What you will do: Transcribe all of the data verbatim, please, and leave out its pictures.

Data extract:
[Start of Attachment]

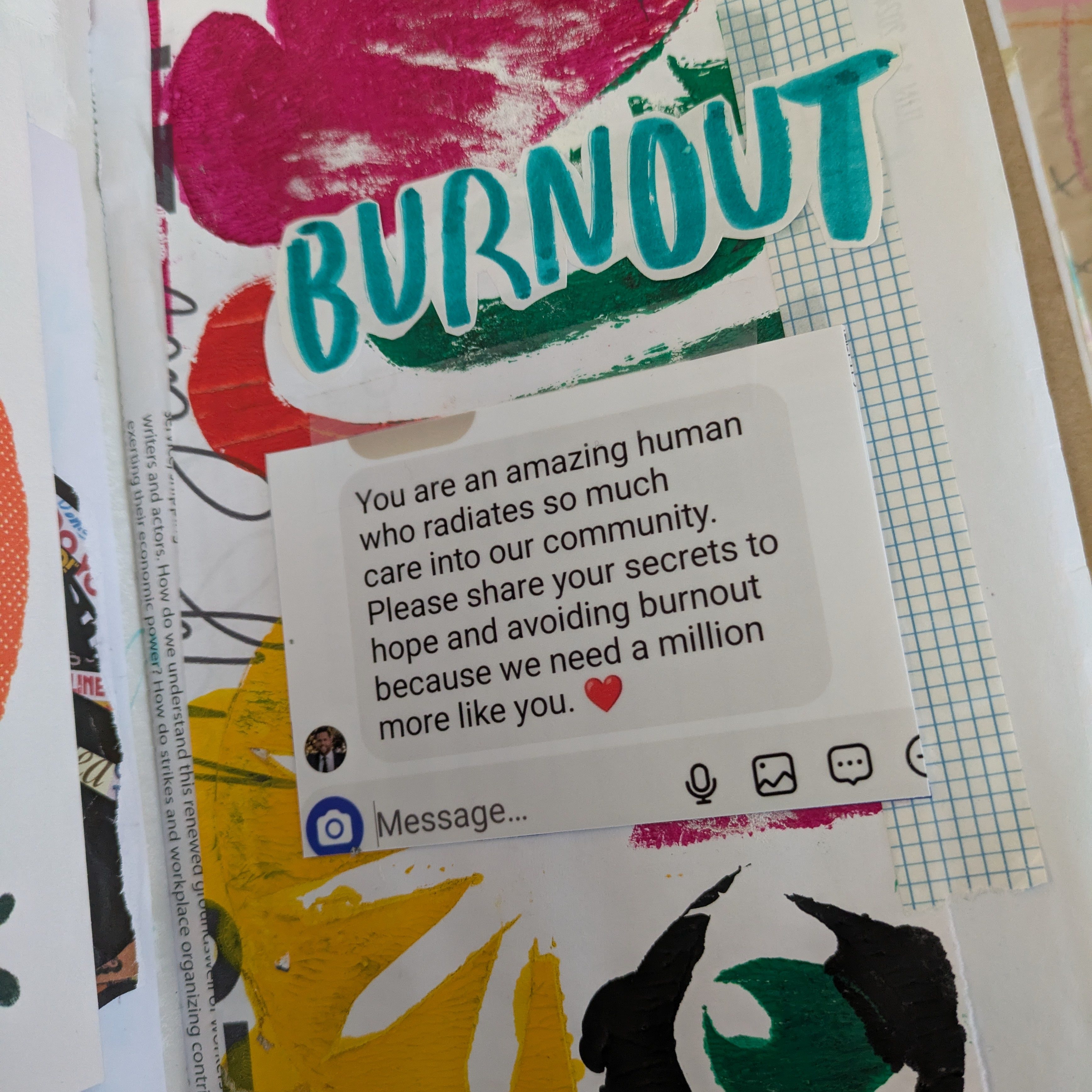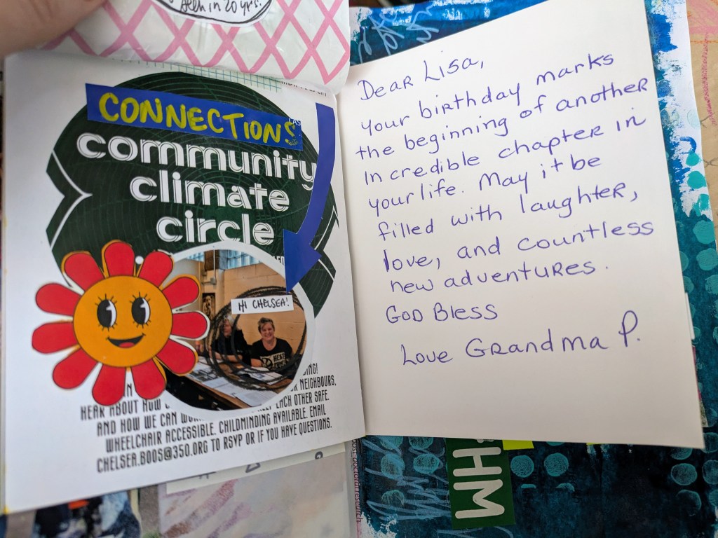 And if you don’t have any handwriting, but want to include a message from another person, you can write or print out a text message. For the page below, I did a screen shot of an instagram message from my city councillor (!) and printed it like I would any photo.
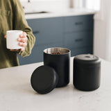 But that’s not all. By twisting the lid of the Fellow Atmos, the air inside is expelled, allowing the coffee to stay fresh up to 50% longer. To open the container, simply press the button in the center of the lid.
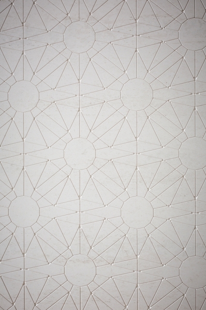 Cosentino’nun Endülüs evi vurgusu, kapının iki yanına gravürle işlenen ve Güney İspanya’nın mağribi desenlerini andıran figürlerle vurgulanıyor. Bu da Dekton’un kişiselleştirme olanaklarından birini temsil ediyor. Dekton’un üretim teknolojisi aynı zamanda kişisel renk, doku, desen ve uygulamalara müsaade ediyor.
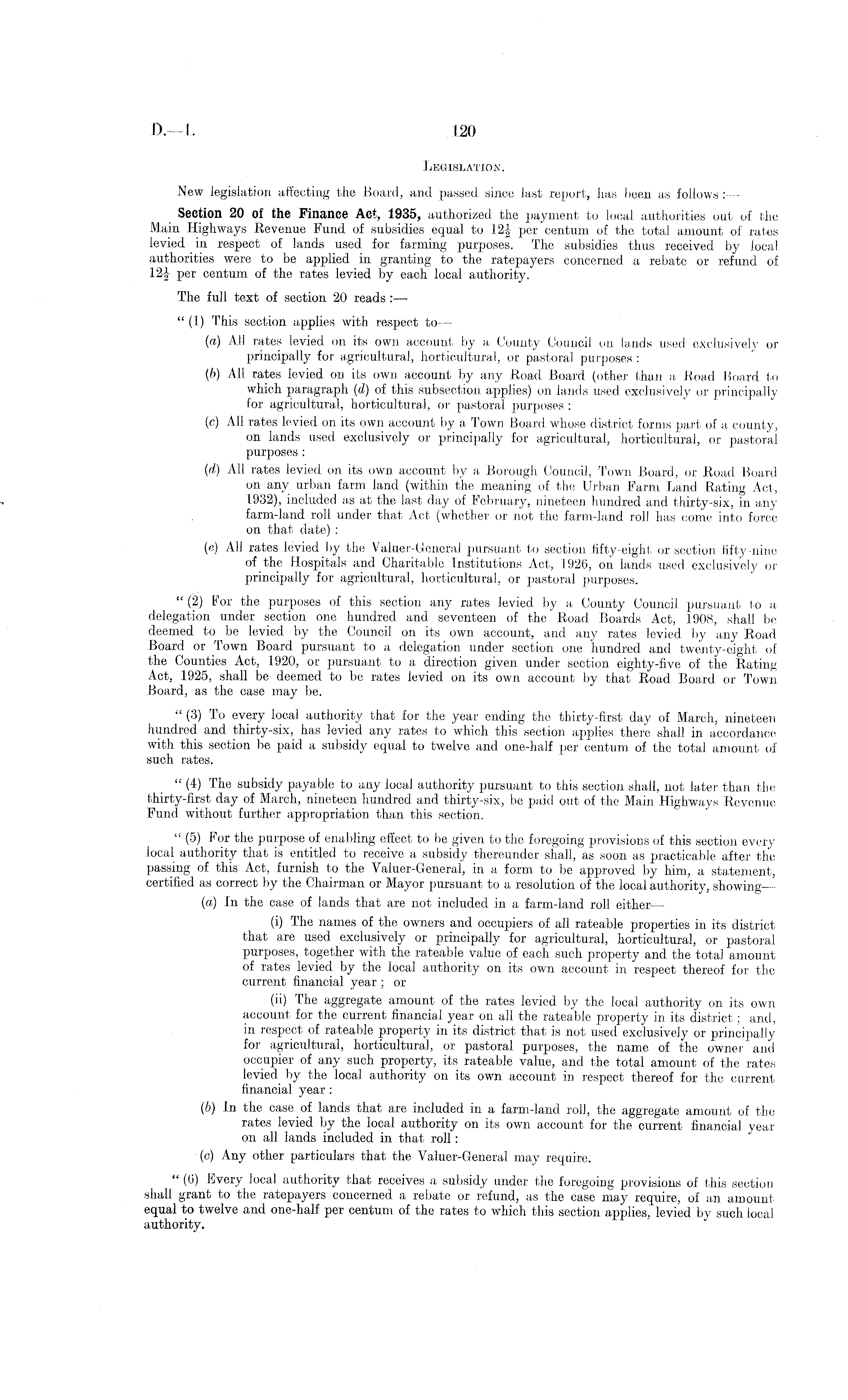 Legislation. New legislation affecting the Board, and passed since last report, has been as follows :— Section 20 of the Finance Act, 1935, authorized the payment to local authorities out of the Main Highways Revenue Fund of subsidies equal to 12J per centum of the total amount of rates levied in respect of lands used for farming purposes. The subsidies thus received by local authorities were to be applied in granting to the ratepayers concerned a rebate or refund o! 12-J per centum of the rates levied by each local authority. The full text of section 20 reads : — " (1) This section applies with respect to—• (a) All rates levied on its own account by a County Council on lands used exclusively or principally for agricultural, horticultural, or pastoral purposes : (b) All rates levied on its own account by any Road Board (other than a Road Board to which paragraph (d) of this subsection applies) on lands used exclusively or principally for agricultural, horticultural, or pastoral purposes : (c) All rates levied on its own account by a Town Board whose district forms part of a county, on lands used exclusively or principally for agricultural, horticultural, or pastoral purposes : {d) All rates levied on its own account by a Borough Council, Town Board, or Road Board on any urban farm land (within the meaning of the Urban Farm Land Rating Act, 1932), included as at the last day of February, nineteen hundred and thirty-six, in any farm-land roll under that Act (whether or not the farm-land roll has come into force on that date) : (e) All rates levied by the Valuer-General pursuant to section fifty-eight or section fifty-nine of the Hospitals and Charitable Institutions Act, 1926, on lands used exclusively or principally for agricultural, horticultural, or pastoral purposes. " (2) For the purposes of this section any rates levied by a County Council pursuant to a delegation under section one hundred and seventeen of the Road Boards Act, 1908, shall be deemed to be levied by the Council on its own account, and any rates levied by any Road Board or town Board pursuant to a delegation under section one hundred and twenty-eight of the Counties Act, 1920, or pursuant to a direction given under section eighty-five of the Rating Act, 1925, shall be- deemed to be rates levied on its own account by that Road Board or Town Board, as the case may be. " (3) To every local authority that for the year ending the thirty-first day of March, nineteen hundred and thirty-six, has levied any rates to which this section applies there shall in accordance with this section be paid a subsidy equal to twelve and one-half per centum of the total amount of such rates. " (4) The subsidy payable to any local authority pursuant to this section shall, not later than the thirty-first day of March, nineteen hundred and thirty-six, be paid out of the Main Highways Revenue Fund without further appropriation than this section. " (5) For the purpose of enabling effect to be given to the foregoing provisions of this section every local authority that is entitled to receive a subsidy thereunder shall, as soon as practicable after the passing of this Act, furnish to the Valuer-General, in a form to be approved by him, a statement, certified as correct by the Chairman or Mayor pursuant to a resolution of the local authority, showing— (a) In the case of lands that are not included in a farm-land roll either — (i) The names of the owners and occupiers of all rateable properties in its district that are used exclusively or principally for agricultural, horticultural, or pastoral purposes, together with the rateable value of each such property and the total amount of rates levied by the local authority on its own account in respect thereof for the current financial year ; or (ii) The aggregate amount of the rates levied by the local authority on its own account for the current financial year on all the rateable property in its district; and, in respect of rateable property in its district that is not used exclusively or principally for agricultural, horticultural, or pastoral purposes, the name of the owner and occupier of any such property, its rateable value, and the total amount of the rates levied by the local authority on its own account in respect thereof for the current financial year : (b) In the case of lands that are included in a farm-land roll, the aggregate amount of the rates levied by the local authority on its own account for the current financial year on all lands included in that roll: (e) Any other particulars that the Valuer-General may require. " (6) Every local authority that receives a subsidy under the foregoing provisions of this section shall grant to the ratepayers concerned a rebate or refund, as the case may require, of an amount equal to twelve and one-half per centum of the rates to which this section applies, levied by such local authority.

[End of Attachment]

Response below:
 And if you don’t have any handwriting, but want to include a message from another person, you can write or print out a text message. For the page below, I did a screen shot of an instagram message from my city councillor (!) and printed it like I would any photo.
 But that’s not all. By twisting the lid of the Fellow Atmos, the air inside is expelled, allowing the coffee to stay fresh up to 50% longer. To open the container, simply press the button in the center of the lid.
 Cosentino’nun Endülüs evi vurgusu, kapının iki yanına gravürle işlenen ve Güney İspanya’nın mağribi desenlerini andıran figürlerle vurgulanıyor. Bu da Dekton’un kişiselleştirme olanaklarından birini temsil ediyor. Dekton’un üretim teknolojisi aynı zamanda kişisel renk, doku, desen ve uygulamalara müsaade ediyor.
 Legislation. New legislation affecting the Board, and passed since last report, has been as follows :— Section 20 of the Finance Act, 1935, authorized the payment to local authorities out of the Main Highways Revenue Fund of subsidies equal to 12J per centum of the total amount of rates levied in respect of lands used for farming purposes. The subsidies thus received by local authorities were to be applied in granting to the ratepayers concerned a rebate or refund o! 12-J per centum of the rates levied by each local authority. The full text of section 20 reads : — " (1) This section applies with respect to—• (a) All rates levied on its own account by a County Council on lands used exclusively or principally for agricultural, horticultural, or pastoral purposes : (b) All rates levied on its own account by any Road Board (other than a Road Board to which paragraph (d) of this subsection applies) on lands used exclusively or principally for agricultural, horticultural, or pastoral purposes : (c) All rates levied on its own account by a Town Board whose district forms part of a county, on lands used exclusively or principally for agricultural, horticultural, or pastoral purposes : {d) All rates levied on its own account by a Borough Council, Town Board, or Road Board on any urban farm land (within the meaning of the Urban Farm Land Rating Act, 1932), included as at the last day of February, nineteen hundred and thirty-six, in any farm-land roll under that Act (whether or not the farm-land roll has come into force on that date) : (e) All rates levied by the Valuer-General pursuant to section fifty-eight or section fifty-nine of the Hospitals and Charitable Institutions Act, 1926, on lands used exclusively or principally for agricultural, horticultural, or pastoral purposes. " (2) For the purposes of this section any rates levied by a County Council pursuant to a delegation under section one hundred and seventeen of the Road Boards Act, 1908, shall be deemed to be levied by the Council on its own account, and any rates levied by any Road Board or town Board pursuant to a delegation under section one hundred and twenty-eight of the Counties Act, 1920, or pursuant to a direction given under section eighty-five of the Rating Act, 1925, shall be- deemed to be rates levied on its own account by that Road Board or Town Board, as the case may be. " (3) To every local authority that for the year ending the thirty-first day of March, nineteen hundred and thirty-six, has levied any rates to which this section applies there shall in accordance with this section be paid a subsidy equal to twelve and one-half per centum of the total amount of such rates. " (4) The subsidy payable to any local authority pursuant to this section shall, not later than the thirty-first day of March, nineteen hundred and thirty-six, be paid out of the Main Highways Revenue Fund without further appropriation than this section. " (5) For the purpose of enabling effect to be given to the foregoing provisions of this section every local authority that is entitled to receive a subsidy thereunder shall, as soon as practicable after the passing of this Act, furnish to the Valuer-General, in a form to be approved by him, a statement, certified as correct by the Chairman or Mayor pursuant to a resolution of the local authority, showing— (a) In the case of lands that are not included in a farm-land roll either — (i) The names of the owners and occupiers of all rateable properties in its district that are used exclusively or principally for agricultural, horticultural, or pastoral purposes, together with the rateable value of each such property and the total amount of rates levied by the local authority on its own account in respect thereof for the current financial year ; or (ii) The aggregate amount of the rates levied by the local authority on its own account for the current financial year on all the rateable property in its district; and, in respect of rateable property in its district that is not used exclusively or principally for agricultural, horticultural, or pastoral purposes, the name of the owner and occupier of any such property, its rateable value, and the total amount of the rates levied by the local authority on its own account in respect thereof for the current financial year : (b) In the case of lands that are included in a farm-land roll, the aggregate amount of the rates levied by the local authority on its own account for the current financial year on all lands included in that roll: (e) Any other particulars that the Valuer-General may require. " (6) Every local authority that receives a subsidy under the foregoing provisions of this section shall grant to the ratepayers concerned a rebate or refund, as the case may require, of an amount equal to twelve and one-half per centum of the rates to which this section applies, levied by such local authority.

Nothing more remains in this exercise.